Higher education is mostly a signalling game. So very useful for individuals
to spend on; but a zero sum game at the level of society.

> People wanted slavery, segregation, Jim Crow, etc. There aren't many pure
> democracies out there as pure mob rule isn't super awesome in the long run.

I'm not a fan of democracy either. But lots of people are. And it beats some
of the alternatives.

------
52-6F-62
There is a lot of misunderstanding in this thread, and a lot of strong
opinions.

"UBI" is mentioned repeatedly, but this wasn't a UBI program.

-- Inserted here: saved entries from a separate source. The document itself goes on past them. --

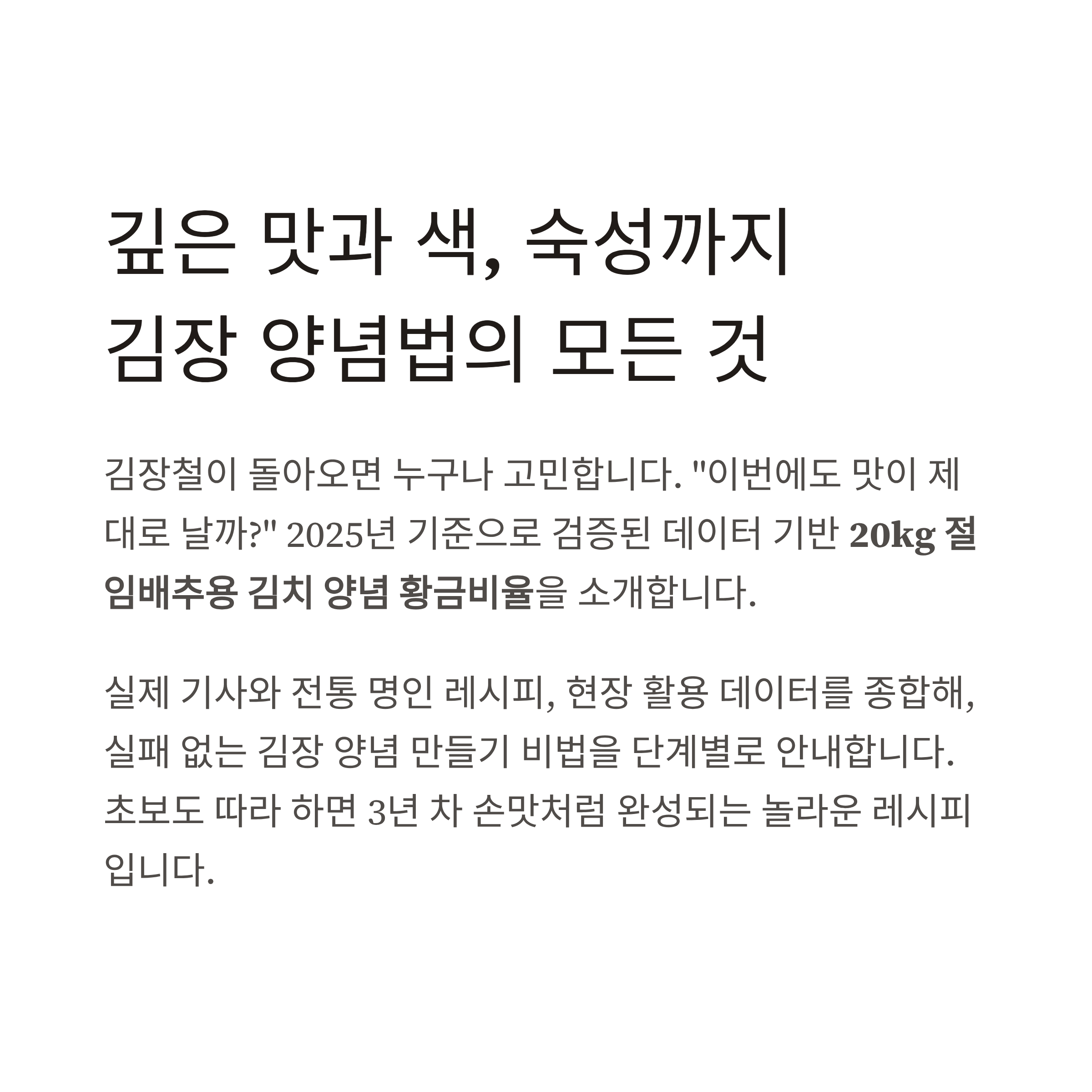 2025년 기준으로 검증된 데이터 기반 20kg 절임배추용 김치 양념 황금비율을 소개합니다.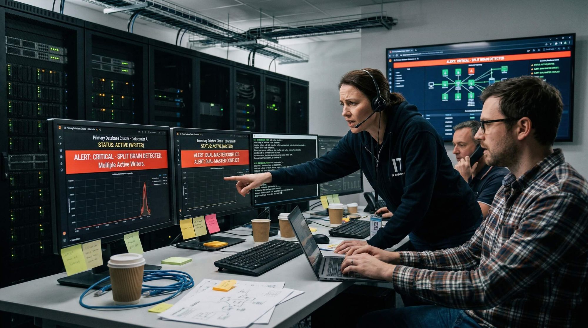 | Split‑brain / двойной мастер | остановить хаос | немедленный fencing, затем выбор авторитетного мастера и, как правило, пересборка второй стороны + верификация данных | высокий |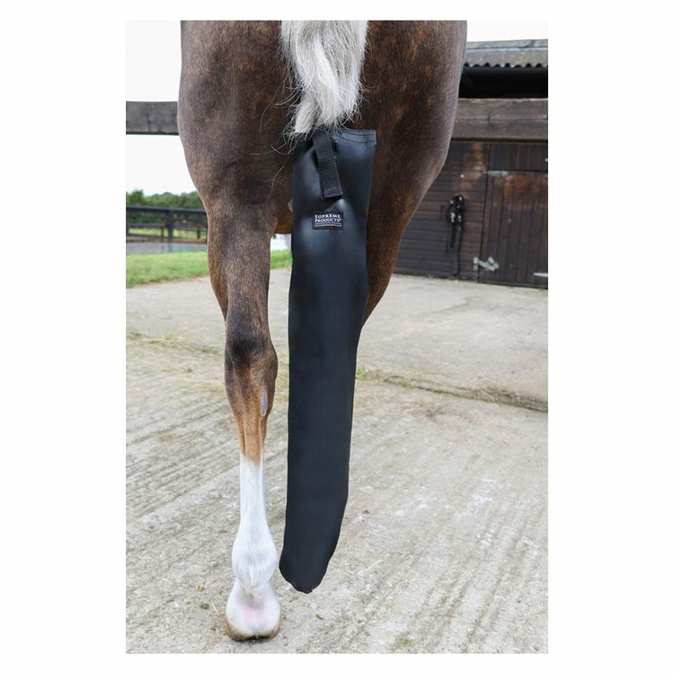 The Supreme Products Waterproof Tail Bag is an equine wardrobe essential, helping keep your horse’s tail clean and pristine. A show day and travel must have, the waterproof tail bag is also great to use in the stable and field all year round to maintain the condition of the hair and help prevent discolouring of white tails. Designed with practicality in mind, the waterproof tail bag allows the addition of a bandage/tail guard if required, has an elasticated pull top to keep the bag securely in place while also acting as a barrier, preventing mud, bedding and anything else that can dirty the tail out! The bag features a loop for threading a plaited tail through for those looking for extra security, full length opening for ease of applying to a thick tail, and a touch tape fastening option on the bottom of the bag allowing you to fold the tail bag in half.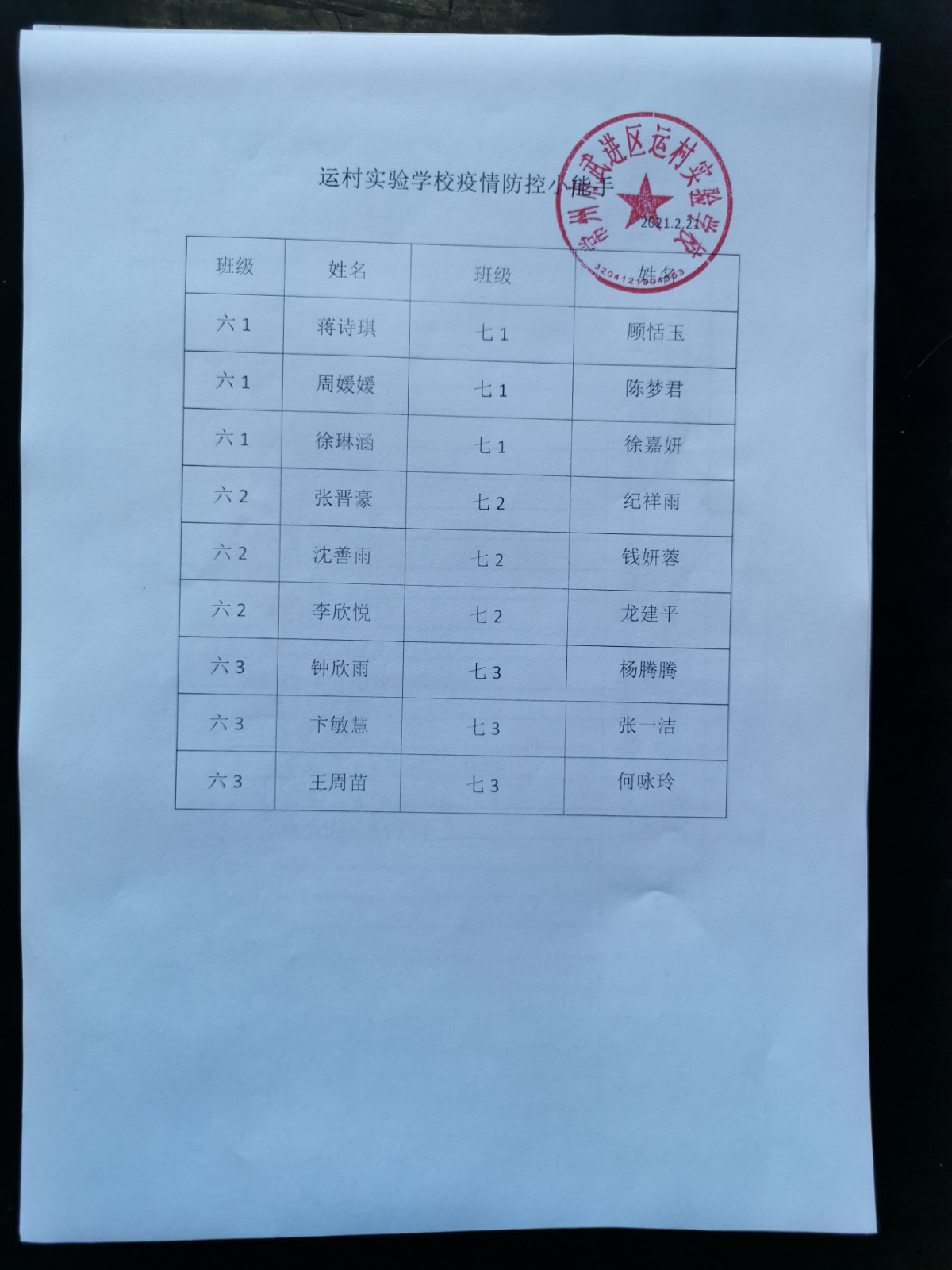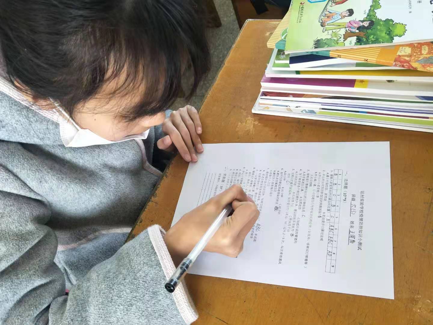 “开学第一考”,对六年级和七年级学生进行疫情防控知识小测试并评选出防疫知识答题小能手。

The intention of the program was looking to replace our existing welfare and
many Ontario works programs.

Instead, the incoming government (after campaigning on completing the pilot)
canceled the program unilaterally, and is looking to outsource our welfare
payment programs to foreign companies.

Please read a summary on the program:

[https://en.wikipedia.org/wiki/Ontario_Basic_Income_Pilot_Pro...](https://en.wikipedia.org/wiki/Ontario_Basic_Income_Pilot_Project)

------
onetimeusename
The basic income experiment improved motivation to find a higher paying job
for both employed and unemployed members but

> almost three-quarters of the respondents who were employed six months before
> receiving basic income were still working while receiving basic income.
> Nearly 80 percent of the respondents who were previously unemployed remained
> without work during the pilot. About 20 percent found employment.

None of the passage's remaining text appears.